Requirement:
Your response should be an exact transcription of the data, images excluded.

Supplied data:

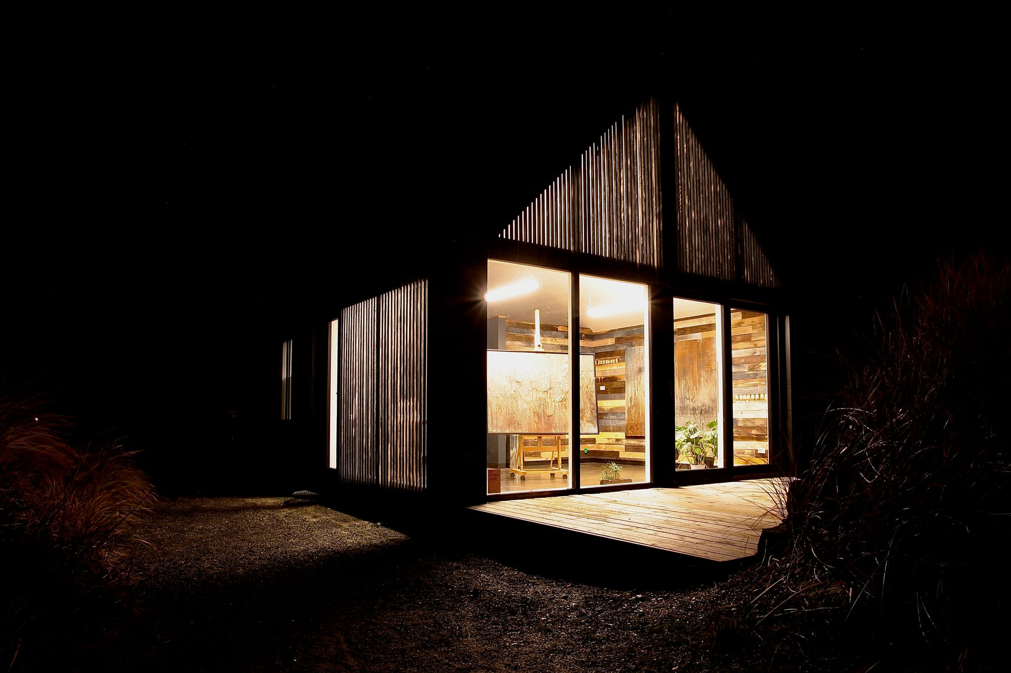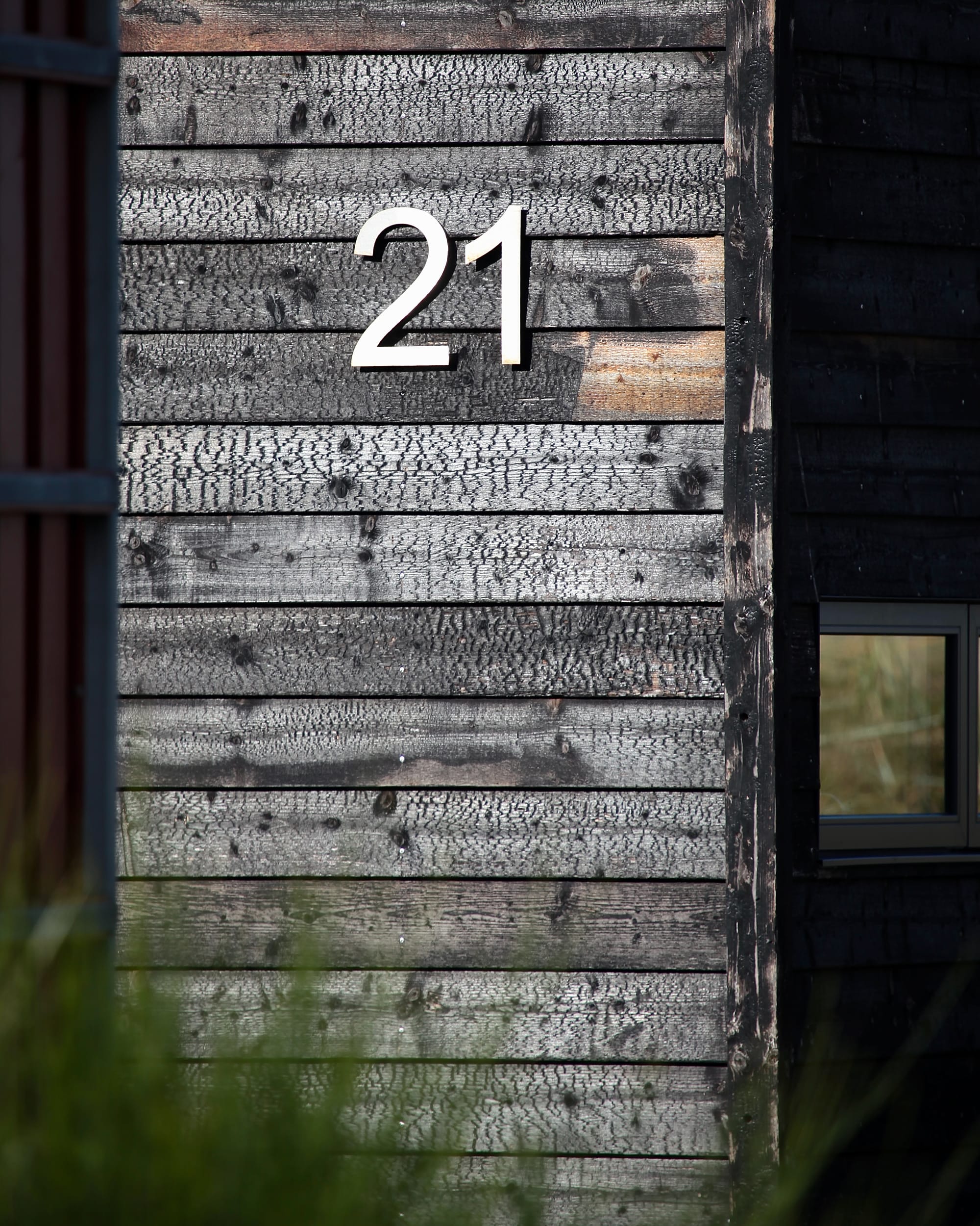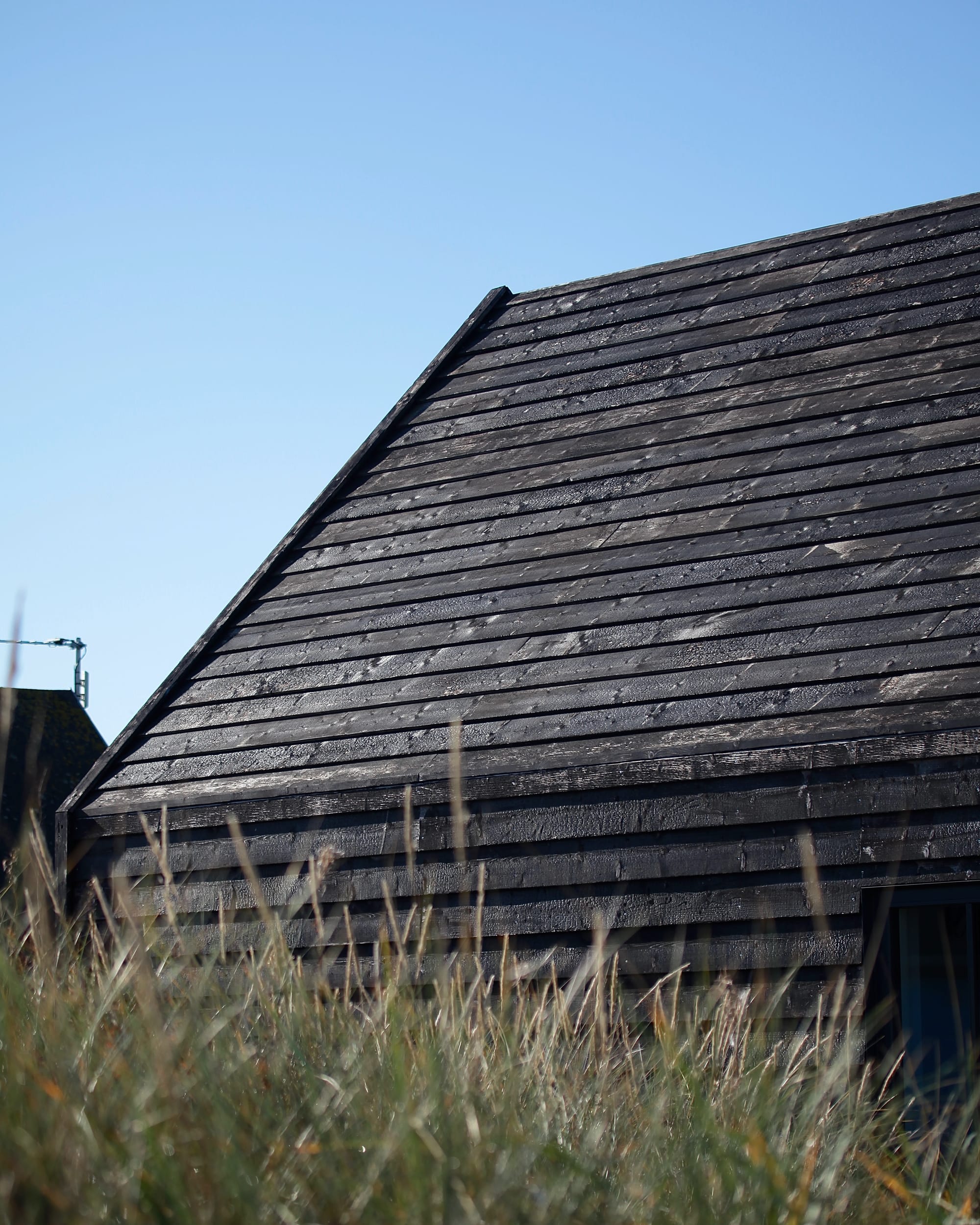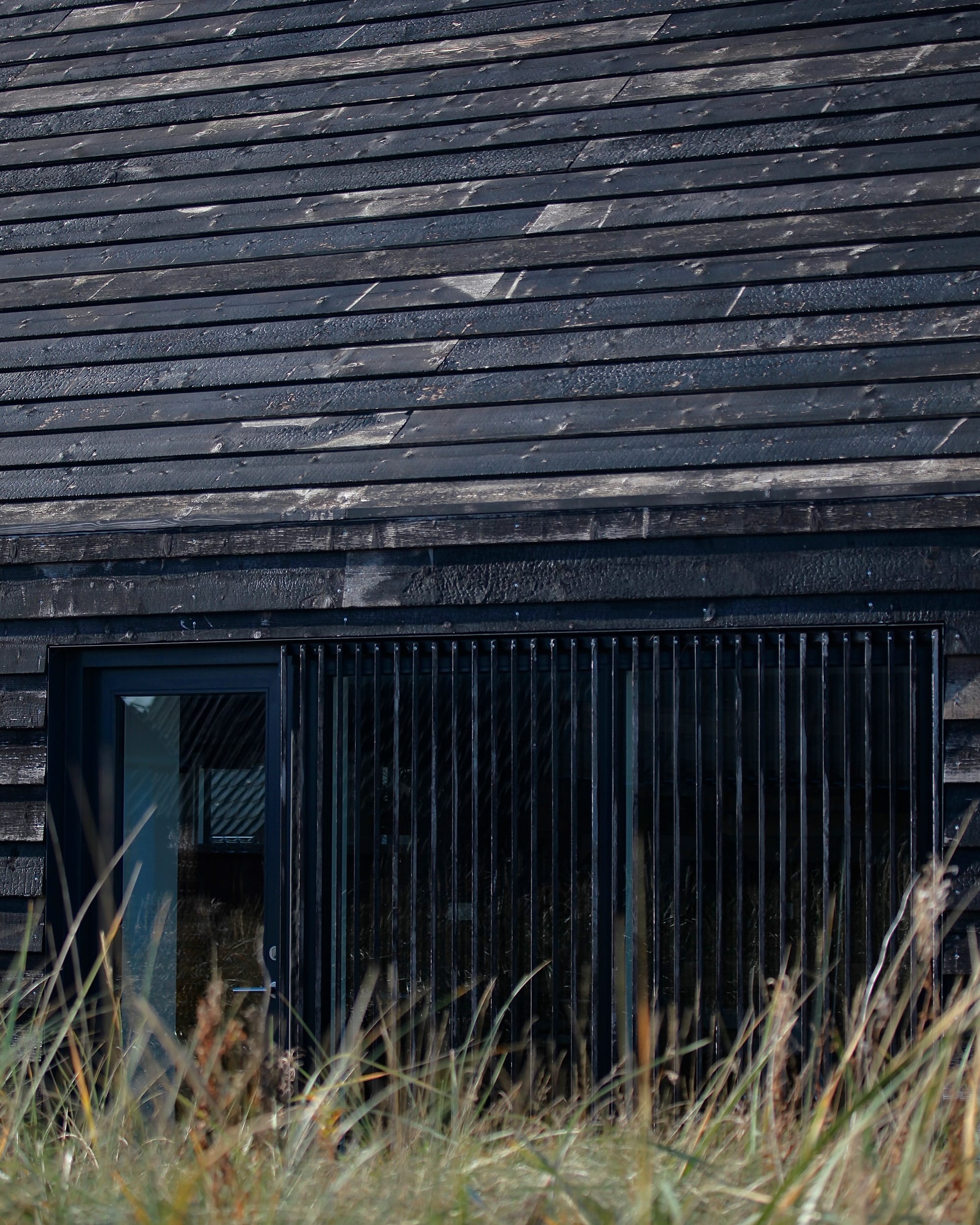 Både facade og tag er beklædt med brædder af dansk douglasgran, brændt i den klassiske japanske shou sugi ban-teknik; en århundreder gammel metode, hvor træet forkulles kontrolleret for at gøre det ekstremt vejrbestandigt, og modstandsdygtigt overfor råd og svamp.
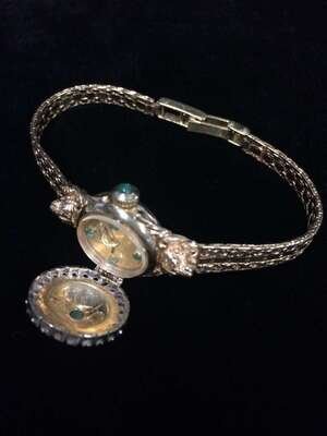 A diamond, emerald and fourteen karat gold covered dial bracelet watch, Igor Carl Faberge
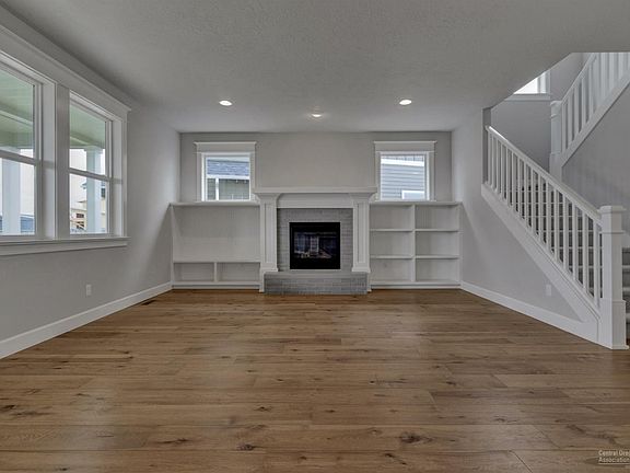This home, designed as an updated craftsman style and built by Stone Bridge Homes, features warm finishes and a unique floor plan that's sure to impress. The foyer opens up into a an airy great room, crowned with built-in shelving around the fireplace. The kitchencomplete with white painted cabinets, slab quartz countertops, and stainless steel appliancesand dining area are situated just opposite the fireplace. Enjoy additional space in the garage for use as a shop, for hobbies, or for storage. On the upper level, the master suiteincluding two separate walk-in closetsoverlooks partial mountain views.
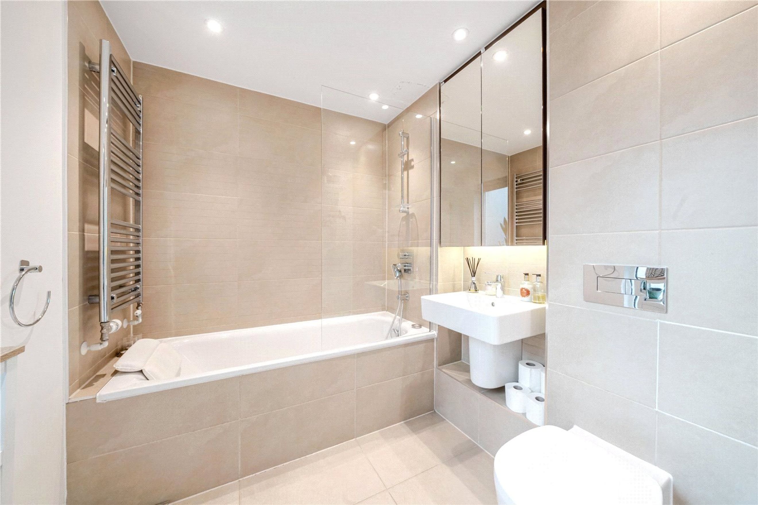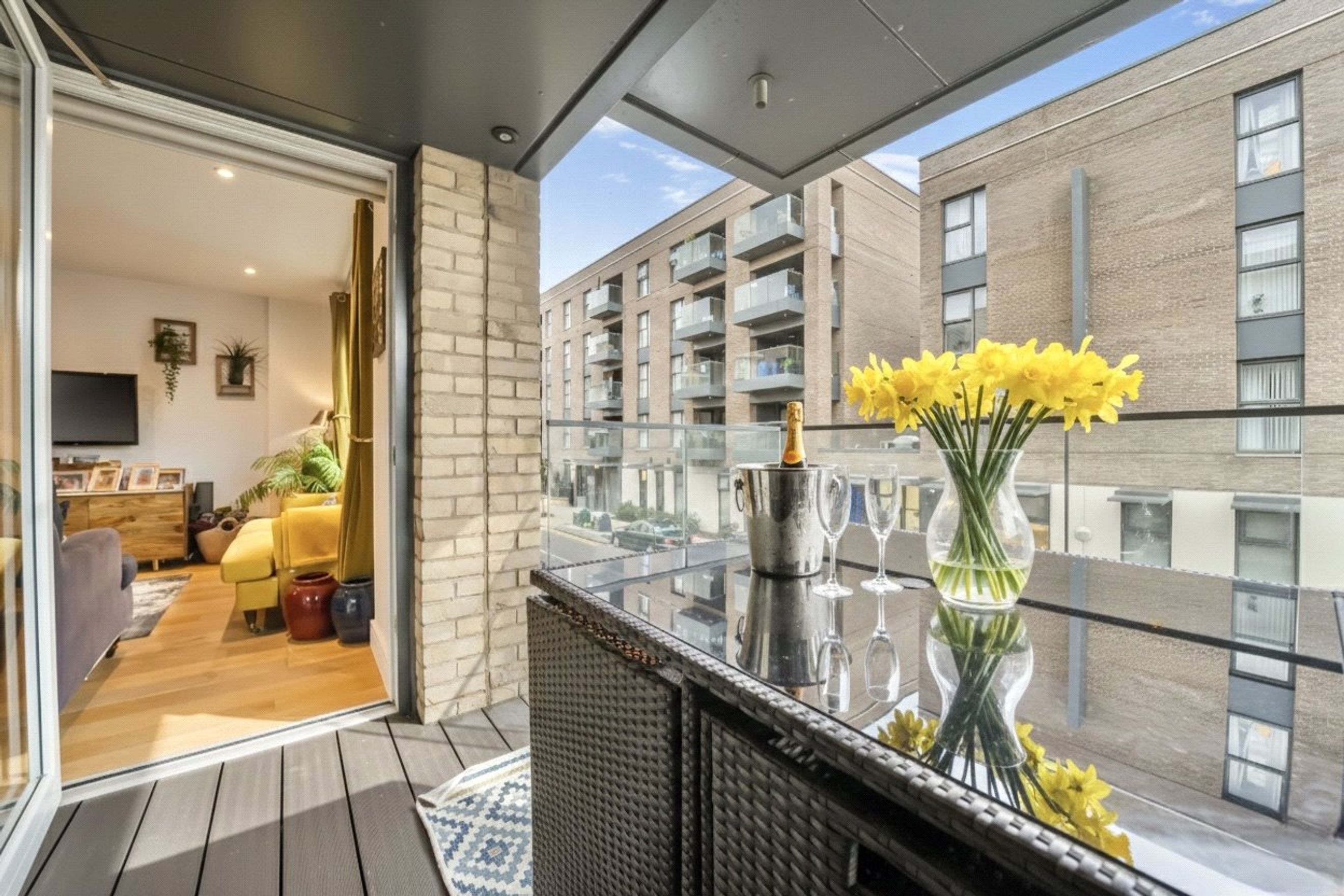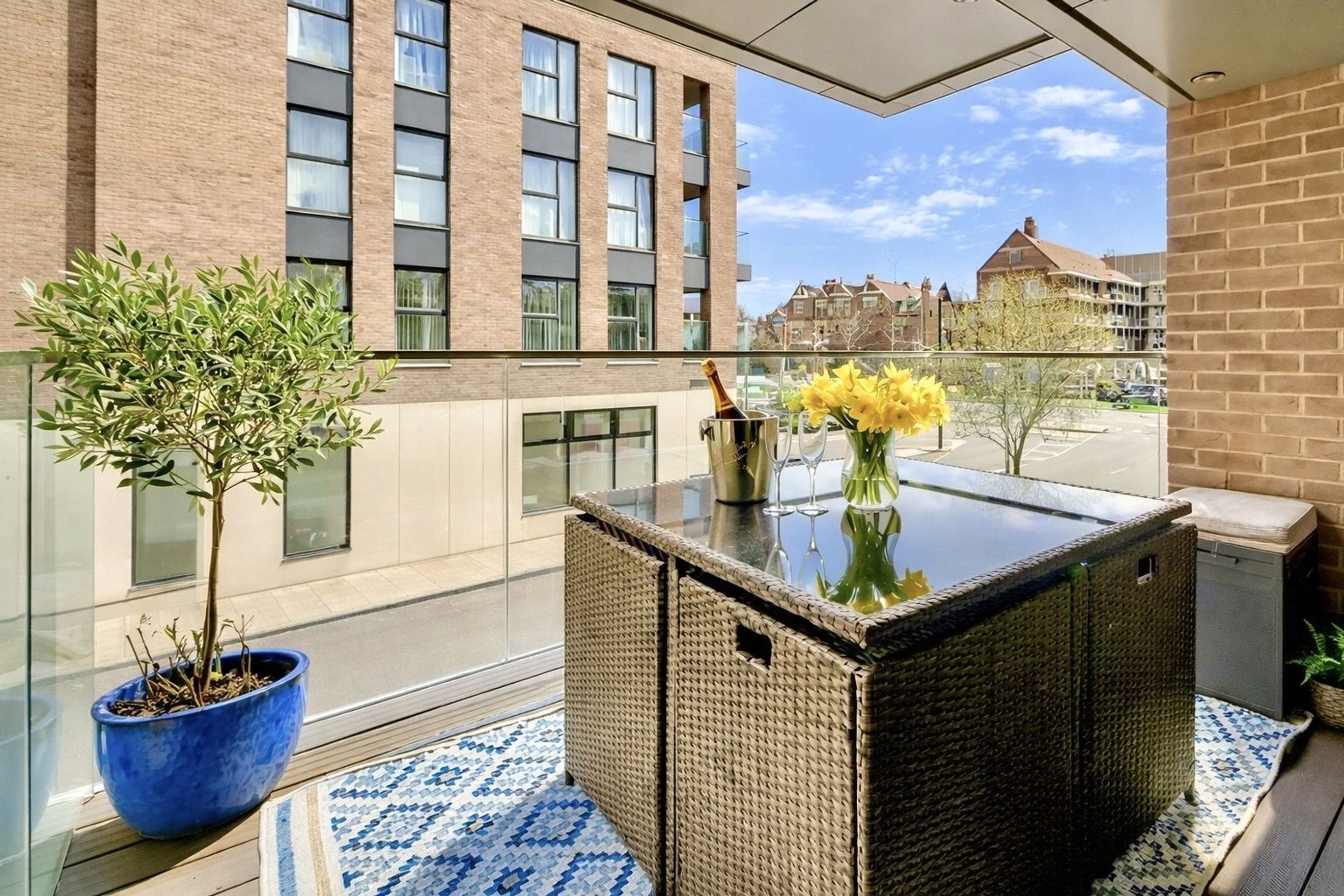 There are two well proportioned bedrooms, including a principal bedroom with an en suite and direct access to the private balcony. The apartment further benefits from a contemporary bathroom suite.

Your response:
 Både facade og tag er beklædt med brædder af dansk douglasgran, brændt i den klassiske japanske shou sugi ban-teknik; en århundreder gammel metode, hvor træet forkulles kontrolleret for at gøre det ekstremt vejrbestandigt, og modstandsdygtigt overfor råd og svamp.
 A diamond, emerald and fourteen karat gold covered dial bracelet watch, Igor Carl Faberge
This home, designed as an updated craftsman style and built by Stone Bridge Homes, features warm finishes and a unique floor plan that's sure to impress. The foyer opens up into a an airy great room, crowned with built-in shelving around the fireplace. The kitchencomplete with white painted cabinets, slab quartz countertops, and stainless steel appliancesand dining area are situated just opposite the fireplace. Enjoy additional space in the garage for use as a shop, for hobbies, or for storage. On the upper level, the master suiteincluding two separate walk-in closetsoverlooks partial mountain views.
 There are two well proportioned bedrooms, including a principal bedroom with an en suite and direct access to the private balcony. The apartment further benefits from a contemporary bathroom suite.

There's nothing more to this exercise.